V is based on the premise that the state is a threat to our well-being, that we need to accept that fact and summon the courage to fight it relentlessly. We won't see many movies like V for the obvious reason that most people don't question the state's tacit claim to legitimacy. On the contrary, many people apparently accept a government of unlimited dimensions as long as it claims to be a 'democracy' and perpetually distracts them with bread and circuses.
It's easy to see why the editor of STR might identify with the lead character of the film because neither give an inch on the matter of the State. Can you see V accepting a minimal state as an alternative to the Orwellian monster in the movie? I can't. And if you're a regular visitor to Strike The Root or one of its Root Strikers, you know that its editor doesn't either.
It could be argued that V the hero implicitly accepted some amount of legal coercion because of his line, 'People should not fear their government. Governments should fear their people.' But in the full context of the film, it doesn't stand. V set plans for blowing up government buildings and articulated a thoughtful rationale for doing so. At no point was he wistful for a kinder, gentler government of reduced size that would relieve him of radicalism.

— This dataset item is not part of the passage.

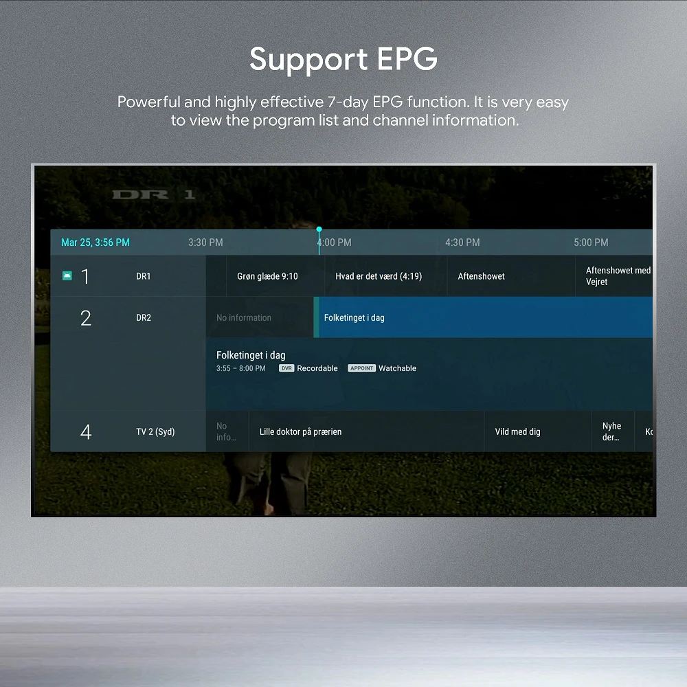 Процессор: четырехъядерный процессор Amlogic S905X4-B ARM Cortex-A55GPU: ARM-G31 MP2 GPUОЗУ: 2 ГбПЗУ: 16 ГбWiFi: Встроенный 2,4G/5G 2T2R WiFi с IEEE 802,11 b/g/n/acBlutooth: BT4.2LAN Ethernet: 10/100MСветодиодный индикатор: Включение питания: синий; Режим ожидания: красныйDVB-T/T2: Поддержка DVB-T/T2/CЯзык: китайский, английский, немецкий, японский, корейский и т. д. 24 языка s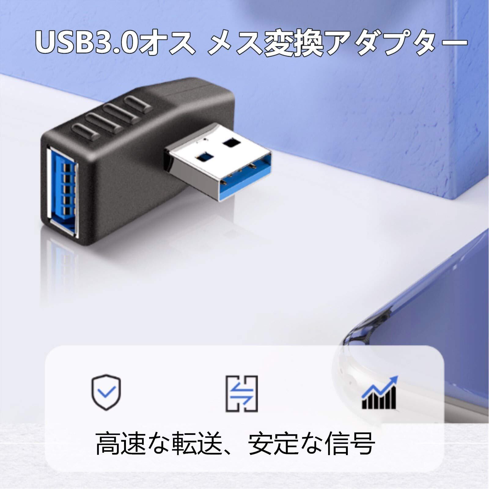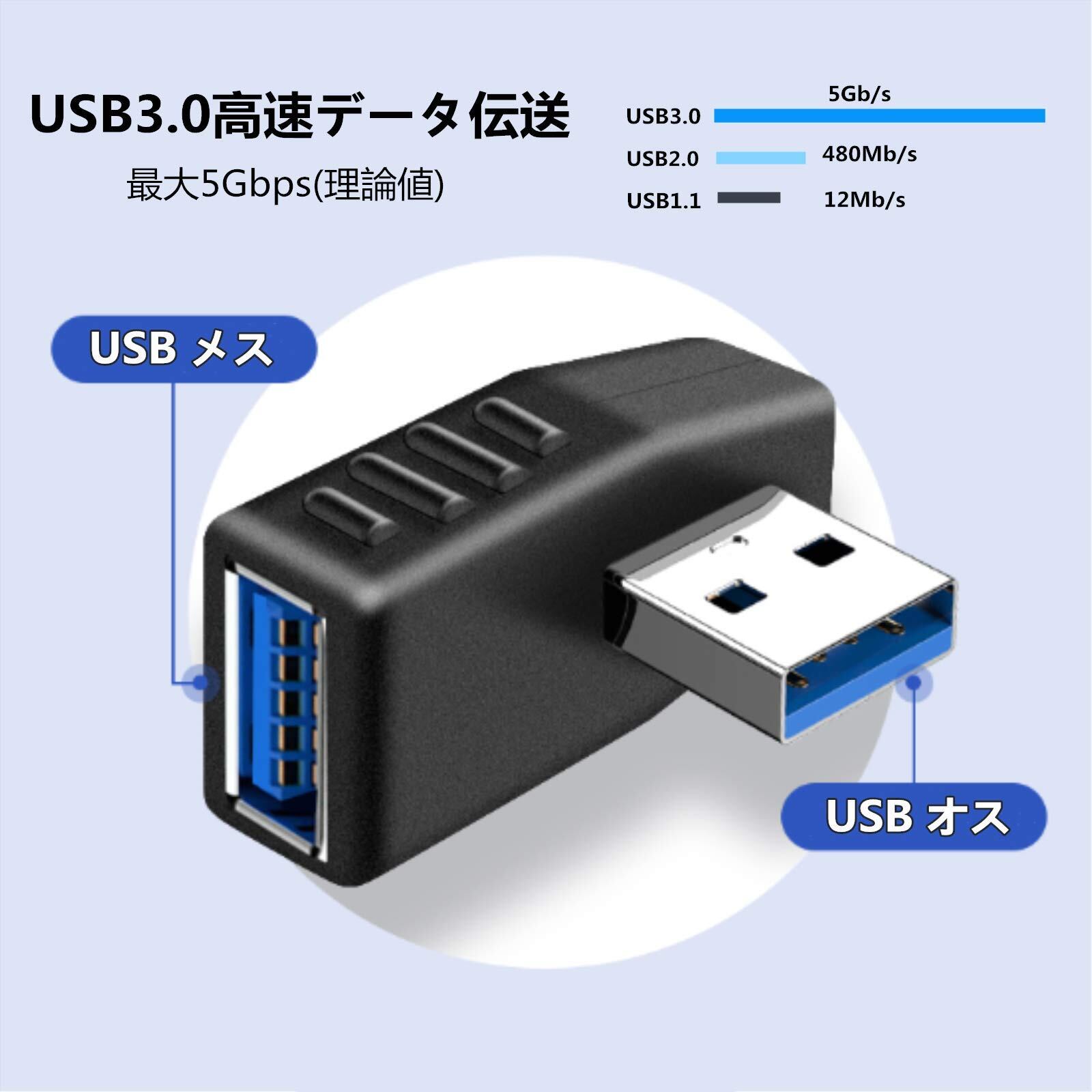 USB コネクタ 直角 アダプタ 左向き 右向き USB 3.0 アダプタ 90度 L型 タイプA オス-タイプA メス 方向 変換 延長 コネクタ 4個セット

Neither does STR's editor pine for the good old days when government was still under wraps of a constitution, as some libertarian sites do.
Five years ago I was heartened by the story behind the writing of the Star Spangled Banner in 1814 and decided to compose an article about it. Indeed, it was inspiring to know that after 25 hours of bombarding Fort McHenry in Baltimore, the British Navy hadn't 'silenced' it as planned ' i.e., the fort hadn't surrendered ' nor had they completely destroyed its flag. Further, Major George Armistead, the commander of McHenry, had the brilliant audacity to lower the tattered flag during a break in the assault and send up a new one in its place, one so big the British had no trouble seeing it from a distance. How perfect, I thought ' firing back with defiance rather than cannon shot.

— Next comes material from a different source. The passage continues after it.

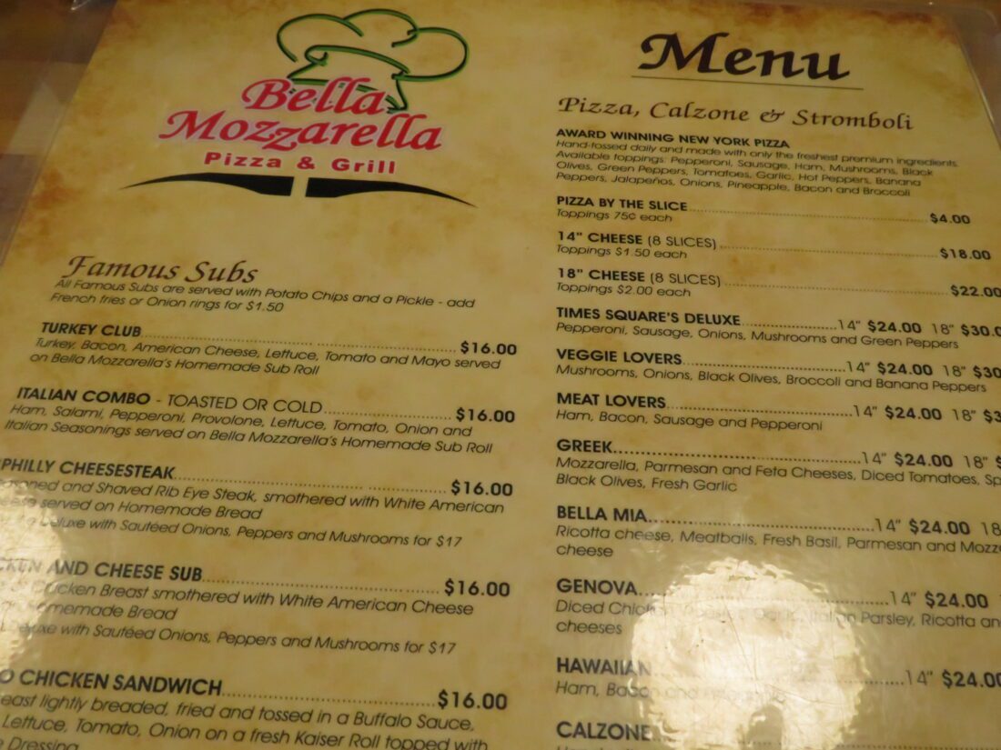 Bella Mozzarella Pizza & Grill is open daily from 11 a.m. to 9 p.m.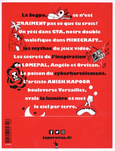 La Segpa, ce n'est vraiment pas ce que tu crois ! Un yéti dans GTA, notre double maléfique dans Minecraft... les mythos du jeu vidéo. Les secrets de l'inspiration de Lomepal, Angèle et Orelsan. Le poison du cyberharcèlement. L'artiste Anish Kapoor bouleverse Versailles, avale la lumière et met le ciel par terre.

As an isolated incident of brave soldiers refusing to surrender under heavy fire, then sending what was effectively an obscene gesture in return, the defense of McHenry is inspirational. It was the rest of my article that went awry, arguing that the Star Spangled Banner was more suitable as a national anthem than "God Bless America." At the time, I held fast to the conviction we needed government for defense purposes, and the Star Spangled Banner captured that idea. I was surprised STR's editor would kill a column that was so mildly statist.

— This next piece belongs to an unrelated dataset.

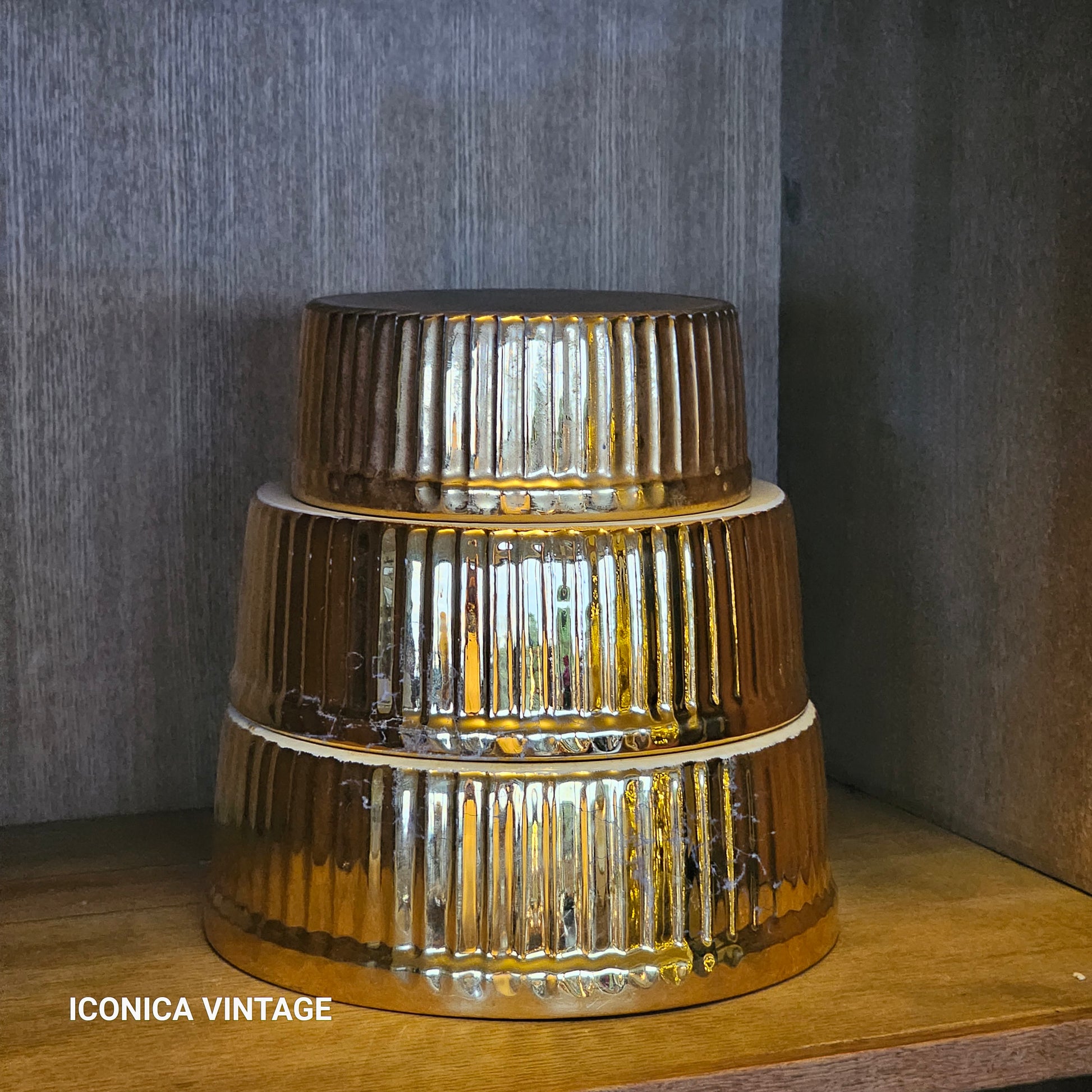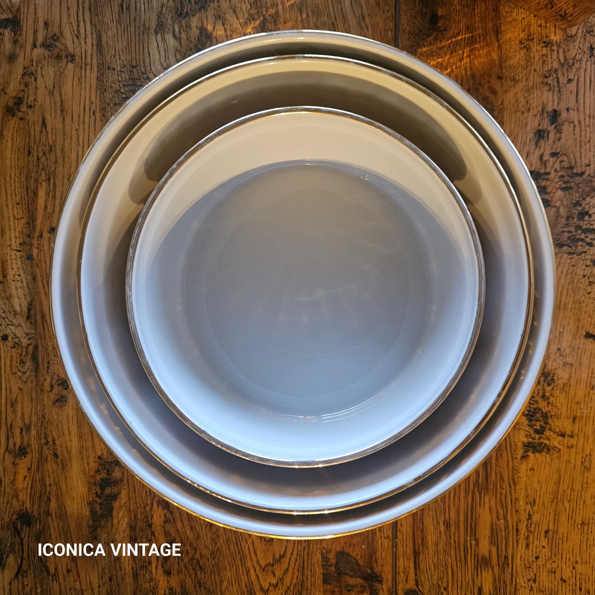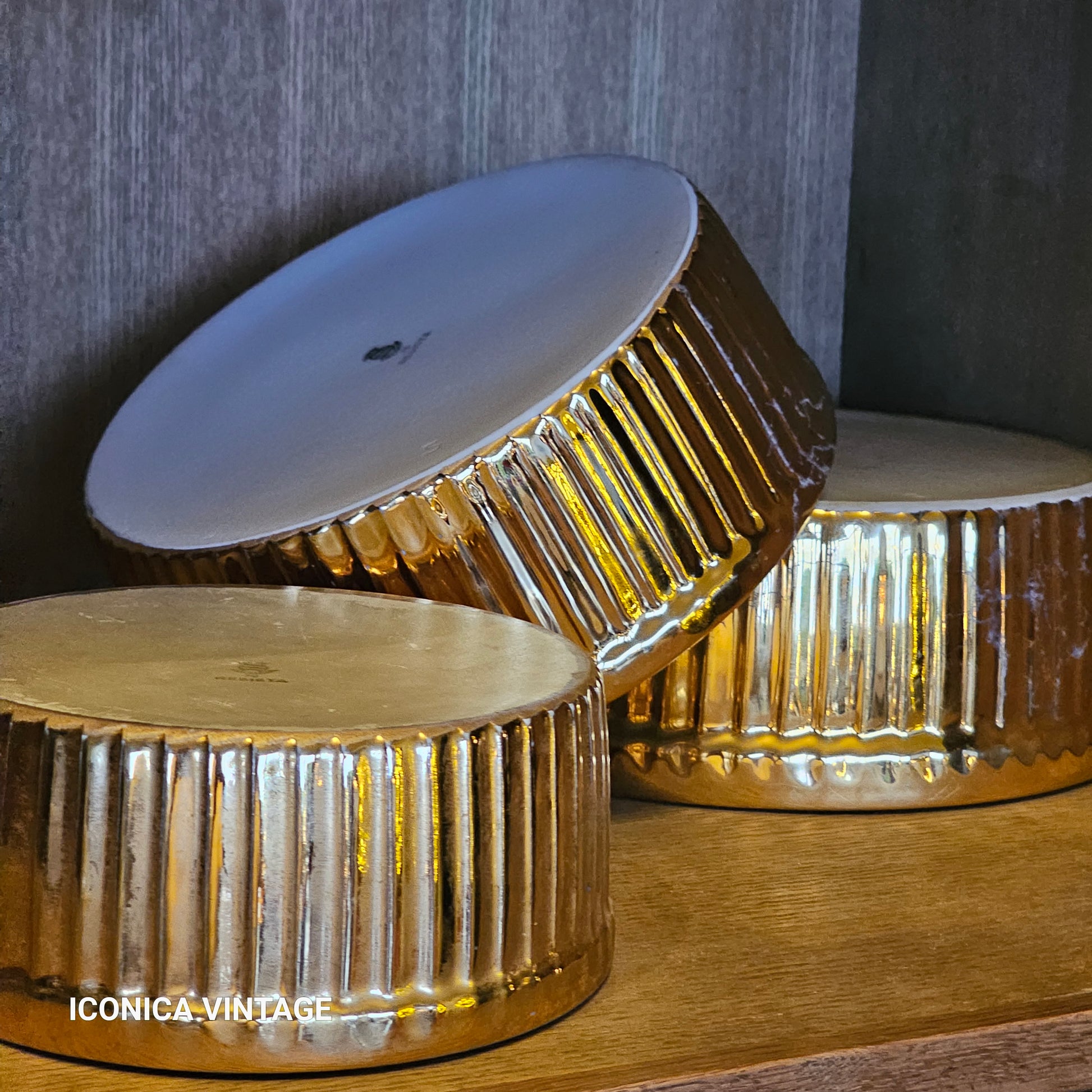 Moldes de porcelana de gran calidad, esmaltados en oro, diseñados para uso en horno. Refractarios versátiles que combinan funcionalidad y elegancia, transformando tus preparaciones culinarias en presentaciones de lujo. Su acabado dorado les confiere un carácter decorativo que enaltece cualquier mesa, aportando un toque festivo y sofisticado. Ideales para recetas exclusivas y presentaciones que demandan excelencia. Fabricación de tradición. Buen estado vintage. Pueden presentar ligeros signos de un uso anterior, sin accidentes ni golpes. Observe las fotografías, forman parte de la descripción. Inglaterra, siglo XX. Los tres tienen diferentes medidas, pudiendo guardarse unos dentro de otro, ocupando poco espacio:

But it was out of such mild statism that the monster of today grew and continues to grow, waving its flag in the name of freedom with every bomb it drops, every tax it collects, and the unfathomable debt it piles on the backs of our children and grandchildren.
Strike The Root's editor has insisted that STR expose the state for what it is, a criminal organization posing as our savior. We don't need to trim it, we need to eliminate it. I think if V were real, he'd be a regular reader of and contributor to STR. And given the popularity of the movie, we have reason to hope STR will gather even more supporters in the months and years ahead.